Discussion in 'Band Management [BG]' started by Led Fo Yo Hed, May 7, 2004.

  1. ...by one of my friends. He wants me to play bass, and sing on some songs. I have no problems with the difficulty of the songs, as I can play them just fine.

    My problem is that, though I don't have a horrible voice, I find it very difficult to sing and play at the same time. I end up concentrating on one too hard, and f*cking up the other. Do any of you lead/backup singers who also play bass in your band have any suggestions about how I can learn to do this. Is it just practice? Doing it a lot? I need help.

    (By the way I'm new here and I'm not sure if this post belongs in this forum or in Technique. Bear with me.)
  2. Baofu


    Mar 8, 2003
    Practice works for me. Getting to the point where you don't have to concentrate much on either is where you want to be.
  3. RicPlaya


    Apr 22, 2003
    Whitmoretucky MI
    Normally you just can't jump into that. Take your time, get the parts right. Practice, practice, practice!!!
  4. Tony


    Feb 16, 2004
    Southern California
    What works best for me is to make sure I really know the bass and vocal parts independently. Once I've got the 2 parts nailed, then I'll try singing while playing the part to find out where the rough spots are. Unless either or both of the parts are off the hook, you should only have a couple of spots that are really difficult. Usually, it'll either be vocal hits that don't match the bass hits, or else it's parts that move in opposite directions i.e. your vocal is an ascending line while the bass is descending. Once you've identified those parts, start subdividing the beats so that you can nail where the hits are (maybe you're hitting a bass note on the 3 but the vocal is on the 3 and). Go slow and work your way through them until it's comfortable, then practice, practice, practice. With time, it gets a lot easier ...
    Good luck,
  5. Don't worry if it's not exactly on time with the recording. Geddy Lee and many other bassist/singers alter the vocal melody a little bit while playing bass live.
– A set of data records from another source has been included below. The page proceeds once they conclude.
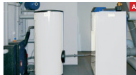
Moderner Gas-/Öl-Brennwertkessel Modern gas/oil condensing boiler
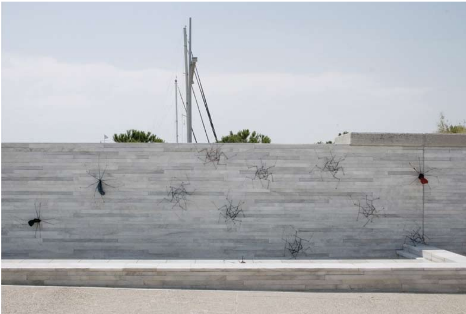
Χρυσοβαλάντω Γεωργίου “καβούρια & αράχνες”

50x50cm, υλικά: σκελετός ομπρέλας και σύρμα
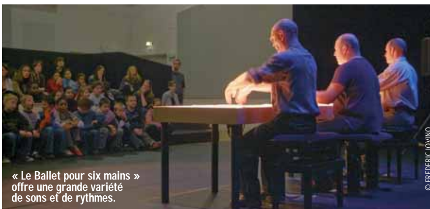
« Le Ballet pour six mains » offre une grande variété de sons et de rythmes.

Mardi après-midi, ce sont les élèves de CE2 et CM1 de l'école Chénier au Faubourg de Béthune qui voyagent d'un espace à l'autre dans ce bel Opéra. Ils explorent les lieux pour la première fois. Et participent à des ateliers précédant les concerts. Ainsi, les enfants se mettent dans le « bain » pour mieux appréhender ce qu'ils vont ensuite écouter. Ils passent ainsi du « faire à entendre », résume le Mike très applaudi. Les séances de jeux musicaux sont animées par des étudiants du Centre de formation des musiciens intervenants . Première séance : les enfants tapent sur des tables. Mais pas n'importe comment. En veillant aux rythmes et aux nuances. Ensuite, ils s'installent pour assister à la démonstration de trois percussionnistes, assis à trois tables, une partition face à chacun d'eux. Bouts des doigts frottés, paumes des mains
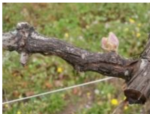
Symptômes sévère d'excoriose

Les symptômes d'excoriose peuvent être plus discrets sur les mérithalles (entre-nœuds) mais leur présence à la base des rameaux crée un étranglement des bois qui les rend extrêmement fragiles au pliage.
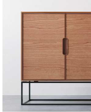
木扉×鉄脚タイプ (樹種：ブラックチェリー)
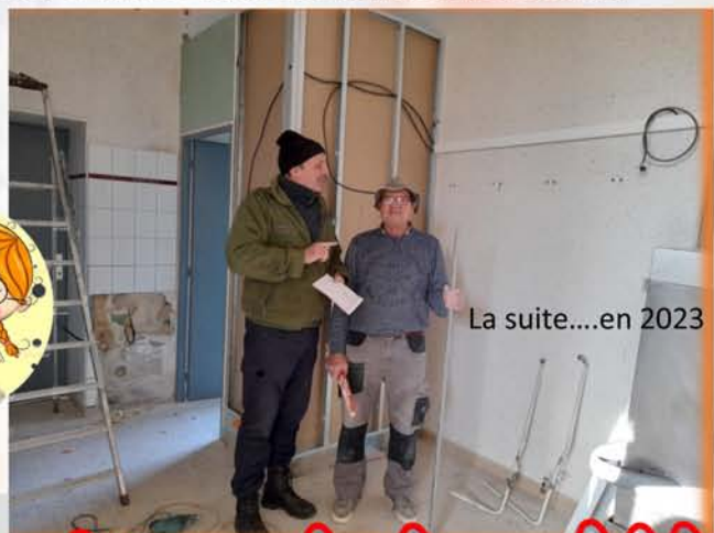
La suite...en 2023
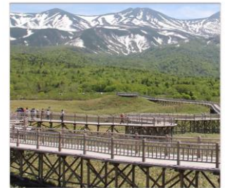
ทะเลสาบทั้ง5ชิเรโตโกะ
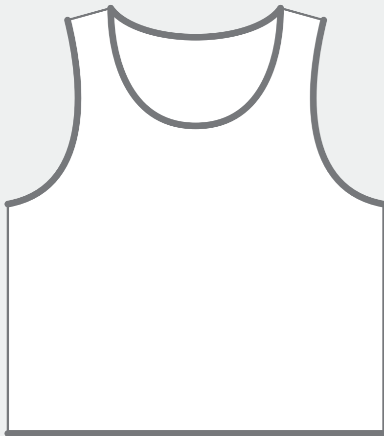
【 FRONT 】
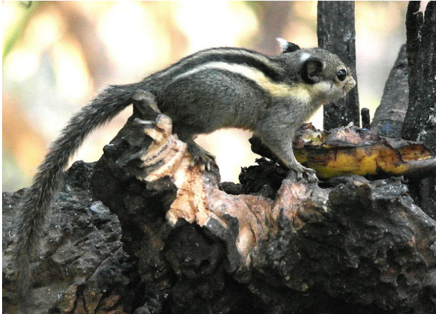
Three-striped Squirell

7 flere steder 16/02 2 Kaeng Krachan 17/02 3 Kaeng Krachan 18/02
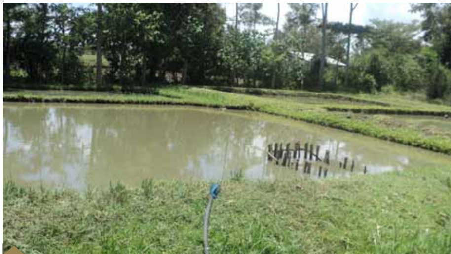
Ni muhimu kuzingatia utunzaji wa bwawa na kuhakikisha ni safi wakati wote. Samaki wanapotunzwa vizuri huzaliana kwa haraka na kuongeza pato la mfugaji.
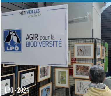
LPO - 2024

Nous accueillerons donc des associations naturalistes locales qui pourront pendant toute la durée du festival, présenter leurs travaux pour le maintien et la protection de la biodiversité.
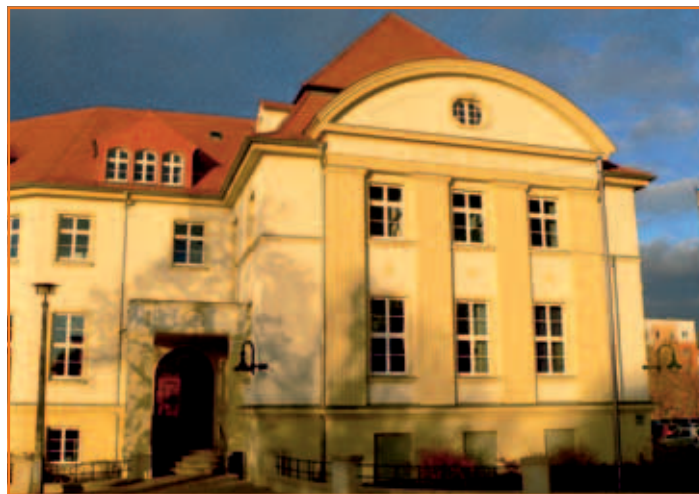
Verwaltungssitz Landkreis Oberspreewald-Lausitz

Die erforderlichen Kosten einer Bestattung werden übernommen, soweit den hierzu Verpflichteten nicht zugemutet werden kann, die Kosten zu tragen.
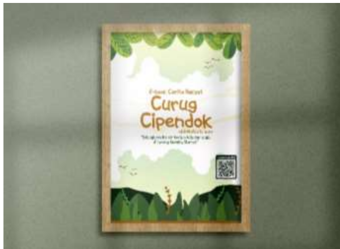
Gambar 5.20 Mockup Poster

Media : Poster Ukuran : A3 ( 29,7 x 42 cm) Realisasi : ivory 210 gsm Desain :
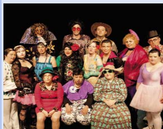
Lloc: Auditori Can Roig i Torres (carrer de Rafael Casanova, 5).

La companyia Alquimistes Teatre ( www.alquimistes.com ), formada per joves amb discapacitat psíquica, representaran el seu nou projecte, Una lámpara encendida , el 16 de juny (20.30). Es tracta d'un documental, dirigit per Claudio Villa-Lobos, amb la col·laboració de Els 4 Vents. És un recorregut pel procés creatiu dels Alquimistes en què podem veure la passió pel teatre d'aquest col·lectiu i la millora de les seves capacitats i habilitats.

Concentrate on getting the bass down with the song, firstly, and then sing it on top in any way possible, as long as the bass stays true. As Tony said, if the bass not is on the 3 and the vocal is on the 3-and, you could probably just sing the vocal on the 3 instead for ease. Just play around with it, most singers alter the vocals ever so slightly anyways.
  6. ambolina

    ambolina Guest

    Apr 7, 2004
    San Diego, Ca
    I recently joined my first band. I play bass and sing backing vocals, and like yourself, had never sang and played before. What I had to do was learn to play the bass part first until the timing & rhythms became automatic for me, then I started trying to sing. And of course it screwed up my playing for a bit. Songs that had been super easy to play, became difficult but after a few rehearsals, everything tightened up.

    So learn your bass parts until they're automatic and you don't have to think about them. Practice the vocals seperate (I'd sing in my car on the way to work) to learn that. Then start doing them together. For me, since I'm still new to this, it's easier for me to sing vocals that sorta match the rhythm of the part I have to play. What's frustrating (but funny too) is I can't sing and play 8ths - such an easy pattern, but once I start singing, especially if it's a vocal that's very halting - more like talk-singing - I fall off rhythm.

    But it's totally fun. I was intimidated to try singing and playing, but now I love it and I always want to play the songs where I get a lot of vocals. =) Good luck!
  7. supermonkey


    Mar 15, 2004
    Atlanta, GA
    In addition to what's already been said (which is essentially to just practice until you get it):
    Try to logically organize your efforts to synchronize the bass and vocals. I find it helps direct the learning process.

    Sing and play the tune through, and see where you're OK vs. where you screw up. Print out the lyrics and map out on the sheet where the tricky bits happen. On the sections where you get screwed up, notate the opposition of the bass part against the vocal part; i.e. mark on which syllables the bass moves occur.
    With this you at least have a persistent cue, and while you're learning the lyrics you're reminiding yourself of bass obligations. And then, as stated, it's just practice, practice, practice until it's like buttah.

    At a show last fall we covered King Crimson's "Easy Money", which happens to have a strong lead vocal part in 7/8 sung against a rock-solid but very spare bass part in 4/4 which essentially just hits a low E on the 1. But everything on both parts had to be super-tight -- and given the polyrhythm, it was a bitch! I ended up doing what I described above, making a little ticky mark on my lyric sheet each syllable where a bass hit occurred -- marking the 1 of the 4/4 bass part on the opposing syllable of the lyric. By the time I could sing all the lyrics from memory, I had also incorporated that hit on the 1 as a by-product. :D
  8. only advice I can offer is get a mic and practice singing with it. I don't know about anybody else but the sound of my own voice out a PA freaks me a bit and getting used to the distence you need to stand from the mic while playing is tricky.